### [The problem]
Pick out the lines below that contain the string "with" and copy them all.
*** Material to process ***
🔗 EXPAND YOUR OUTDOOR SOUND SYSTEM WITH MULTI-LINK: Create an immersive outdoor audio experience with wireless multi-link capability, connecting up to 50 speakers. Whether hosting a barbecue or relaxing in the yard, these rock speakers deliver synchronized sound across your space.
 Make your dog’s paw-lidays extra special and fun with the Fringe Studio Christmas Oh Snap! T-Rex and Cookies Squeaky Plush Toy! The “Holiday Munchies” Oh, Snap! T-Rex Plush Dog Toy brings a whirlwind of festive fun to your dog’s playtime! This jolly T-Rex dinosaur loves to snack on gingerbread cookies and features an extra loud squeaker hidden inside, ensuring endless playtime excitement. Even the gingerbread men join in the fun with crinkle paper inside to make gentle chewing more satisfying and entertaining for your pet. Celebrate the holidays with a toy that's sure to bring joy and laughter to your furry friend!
***
*** Material to process ***
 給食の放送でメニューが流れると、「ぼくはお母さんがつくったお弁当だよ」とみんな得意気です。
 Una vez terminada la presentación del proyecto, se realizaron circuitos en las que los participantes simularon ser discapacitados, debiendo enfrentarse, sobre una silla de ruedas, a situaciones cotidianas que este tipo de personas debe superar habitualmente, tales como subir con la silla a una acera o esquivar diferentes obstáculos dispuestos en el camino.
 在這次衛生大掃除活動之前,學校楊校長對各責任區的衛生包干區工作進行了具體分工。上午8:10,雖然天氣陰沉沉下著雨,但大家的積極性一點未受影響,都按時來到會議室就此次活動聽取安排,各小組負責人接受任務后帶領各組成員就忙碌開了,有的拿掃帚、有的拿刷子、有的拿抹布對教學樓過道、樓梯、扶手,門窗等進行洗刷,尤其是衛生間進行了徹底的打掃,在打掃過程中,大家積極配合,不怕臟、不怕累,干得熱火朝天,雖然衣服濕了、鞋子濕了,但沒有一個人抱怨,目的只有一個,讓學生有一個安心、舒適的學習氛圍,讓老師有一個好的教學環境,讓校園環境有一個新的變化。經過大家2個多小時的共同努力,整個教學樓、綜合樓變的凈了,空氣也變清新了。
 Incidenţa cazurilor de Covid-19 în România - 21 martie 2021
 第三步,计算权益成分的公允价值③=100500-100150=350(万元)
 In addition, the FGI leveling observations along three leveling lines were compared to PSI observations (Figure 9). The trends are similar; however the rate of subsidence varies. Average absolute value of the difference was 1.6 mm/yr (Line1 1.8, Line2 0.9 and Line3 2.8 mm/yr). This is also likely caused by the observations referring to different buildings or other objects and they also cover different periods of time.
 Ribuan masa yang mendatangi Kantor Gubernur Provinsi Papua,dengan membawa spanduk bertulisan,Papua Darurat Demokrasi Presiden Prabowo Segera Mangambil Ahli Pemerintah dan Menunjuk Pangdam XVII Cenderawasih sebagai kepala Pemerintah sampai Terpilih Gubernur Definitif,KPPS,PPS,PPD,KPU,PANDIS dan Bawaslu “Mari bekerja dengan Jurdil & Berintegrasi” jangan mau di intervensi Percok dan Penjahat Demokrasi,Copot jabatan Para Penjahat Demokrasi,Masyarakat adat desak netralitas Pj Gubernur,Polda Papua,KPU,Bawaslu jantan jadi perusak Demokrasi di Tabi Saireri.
***
### [Output of the task]
🔗 EXPAND YOUR OUTDOOR SOUND SYSTEM WITH MULTI-LINK: Create an immersive outdoor audio experience with wireless multi-link capability, connecting up to 50 speakers. Whether hosting a barbecue or relaxing in the yard, these rock speakers deliver synchronized sound across your space.
 Make your dog’s paw-lidays extra special and fun with the Fringe Studio Christmas Oh Snap! T-Rex and Cookies Squeaky Plush Toy! The “Holiday Munchies” Oh, Snap! T-Rex Plush Dog Toy brings a whirlwind of festive fun to your dog’s playtime! This jolly T-Rex dinosaur loves to snack on gingerbread cookies and features an extra loud squeaker hidden inside, ensuring endless playtime excitement. Even the gingerbread men join in the fun with crinkle paper inside to make gentle chewing more satisfying and entertaining for your pet. Celebrate the holidays with a toy that's sure to bring joy and laughter to your furry friend!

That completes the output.